Copy out the listing below exactly, please, and skip any pictures.

_Data block_.
=== Section Start ===
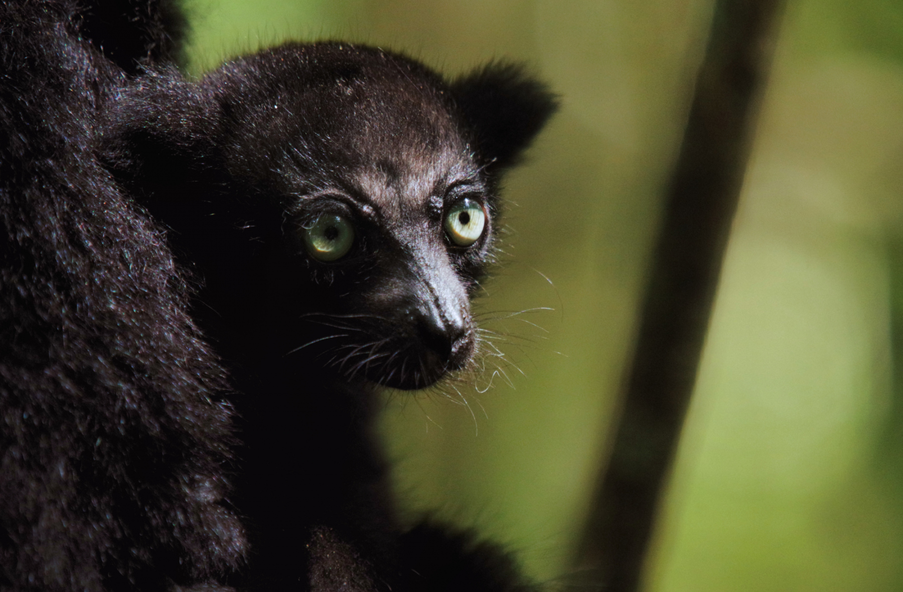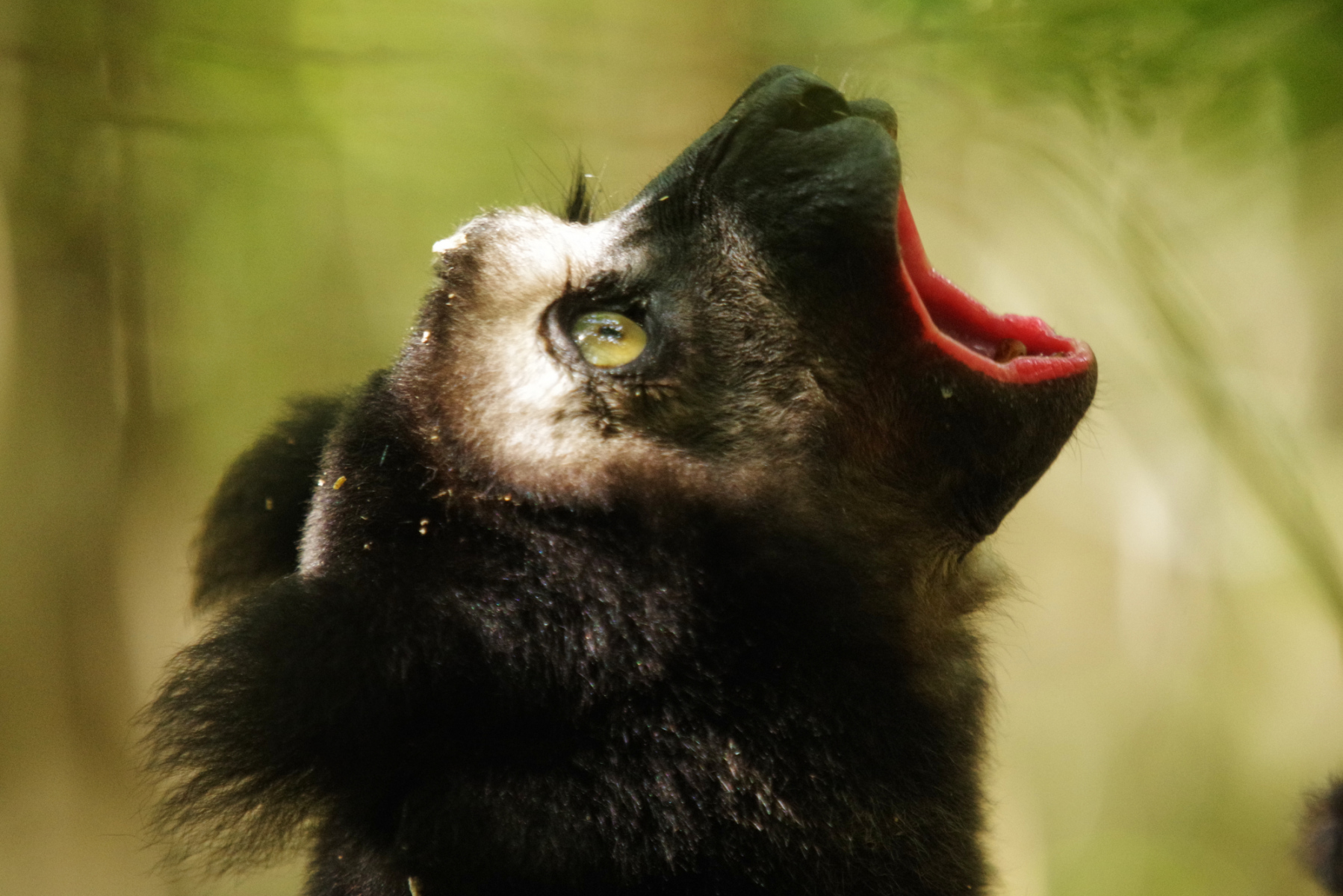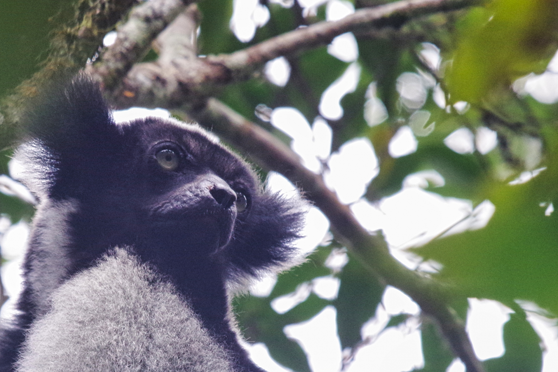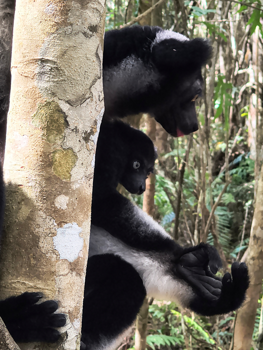 Zuerst zeigen sich Mischlinge der Kronenmakis mit Mohrenmakis, dann auch das mangels Alternativen hier fremdgehende Weibchen der Mohrenmakis: braun, denn schwarz sind bei denen nur die Männchen. Den Rufen aus dem Urwald folgend pirschen wir uns an die Indris heran. Eine Mama mit Baby ist dabei! Der Kleine ist drei Monate alt und lugt noch etwas ängstlich aus dem Fell seiner Mutter hervor.
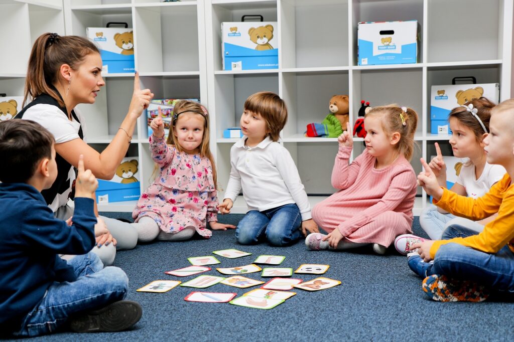 I właśnie takie same warunki, jakie stworzyłeś Ty, Rodzicu, my odwzorowujemy na zajęciach metodą Teddy Eddie. Łączymy obraz z dźwiękiem, pokazujemy przedmioty i nazywamy je. Mówimy do dzieci po angielsku pełnymi zdaniami. I powtarzamy, powtarzamy, powtarzamy. Śpiewamy piosenki, uczymy się rymowanek, opowiadamy bajeczki.
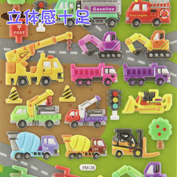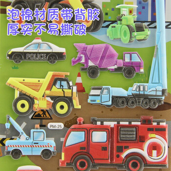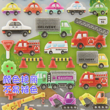 初格儿童贴纸贴画玩具男女孩动漫卡通3d立体泡泡贴小汽车II拼豆
=== Section End ===
_Result below_.
 Zuerst zeigen sich Mischlinge der Kronenmakis mit Mohrenmakis, dann auch das mangels Alternativen hier fremdgehende Weibchen der Mohrenmakis: braun, denn schwarz sind bei denen nur die Männchen. Den Rufen aus dem Urwald folgend pirschen wir uns an die Indris heran. Eine Mama mit Baby ist dabei! Der Kleine ist drei Monate alt und lugt noch etwas ängstlich aus dem Fell seiner Mutter hervor.
 I właśnie takie same warunki, jakie stworzyłeś Ty, Rodzicu, my odwzorowujemy na zajęciach metodą Teddy Eddie. Łączymy obraz z dźwiękiem, pokazujemy przedmioty i nazywamy je. Mówimy do dzieci po angielsku pełnymi zdaniami. I powtarzamy, powtarzamy, powtarzamy. Śpiewamy piosenki, uczymy się rymowanek, opowiadamy bajeczki.
 初格儿童贴纸贴画玩具男女孩动漫卡通3d立体泡泡贴小汽车II拼豆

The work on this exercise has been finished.